Appearing today on ABC’s “This Week,” Vice President Mike Pence explained to host George Stephanopoulos the decision by President Trump to retain an executive order issued by Barack Obama that protected the rights of lesbian, gay, and other sexual identities who work for federal contractors. Pence clarified that during Trump’s campaign that “discrimination would have no place in our administration."
Stephanopoulos referred to the response from some social conservatives to Trump's decision, citing the example of Bob Vander Plaats of the conservative group The Family Leader, who said, "Our base would want to know who is responsible for what we believe is an issue of religious liberty — that would be of concern to us."
Show host Stephanopoulos asked, "What's the answer?" Pence answered, “I think throughout the campaign, President Trump made it clear that discrimination would have no place in our administration.” Pence said, “He was the very first Republican nominee to mention the LGBTQ community at our Republican National Convention and was applauded for it. And I was there applauding with him.”
The vice president added, "I think the generosity of his spirit, recognizing that in the patriot's heart, there's no room for prejudice, is part of who this president is."
Last week, Trump vowed to "destroy" the Johnson Amendment, which prohibits churches and other tax-exempt groups from endorsing or opposing political candidates.
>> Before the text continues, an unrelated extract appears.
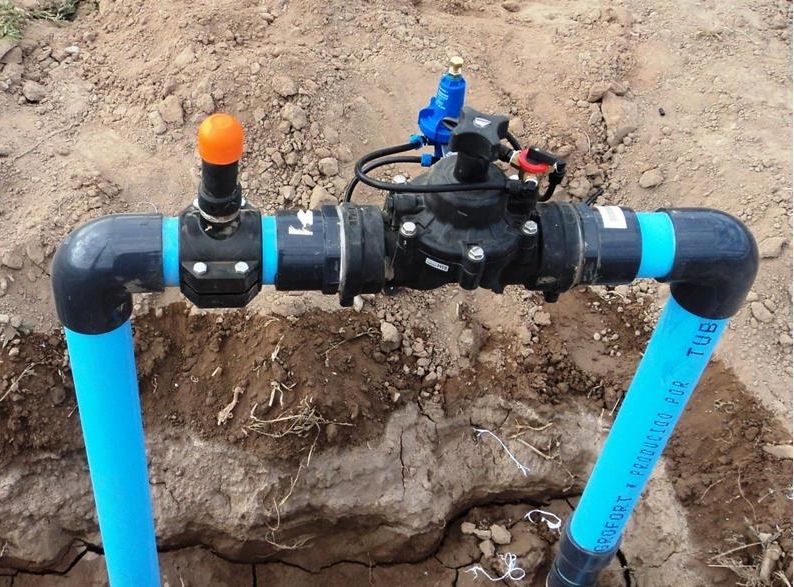 El zanjeo se realiza para tuberías principales entre 0,80 y1,50 metros y las tuberías secundarias entre 0,50-0,70 centímetros. Para la instalación para tuberías 110 mm o mayor se requieren juntas de goma y para diámetros 90 mm o menor el pegamento para PVC .Para instalaciones terciarias se requiere mechas de distintos diámetros perforación del caño a 16 mm conector inicial de 16 mm y líneas en terciarias cada 70 centímetros. Los laterales de riego son de polietileno: Flexible y resistente al sol (UV) Diámetros: 16 y 20 mm, los más usados.

Trump told the attendees at the February 2nd National Prayer Breakfast, "I will get rid of and totally destroy the Johnson Amendment and allow our representatives of faith to speak freely and without fear of retribution."
Pence said, “The president's made it clear that he wants to take action on the Johnson Amendment. He's directed the administration to begin to look at ways, both legislatively and through executive action, to do that.” The Johnson Amendment is a provision of the U.S. tax code, passed in 1954, that prevents churches and universities and other tax-exempt organizations from participating in politics.
Regarding religious liberty, Pence suggested that more executive orders may be expected from Trump. “His reiterated commitment to religious liberty are all a part of the kind of leadership that people are going to welcome from President Trump,” Pence said.
Stephanopoulos asked, “Do you think a new executive order is necessary on religious liberty? Or is current law sufficient?” Pence said that it is within the “purview of the president” to decide if more executive orders are necessary.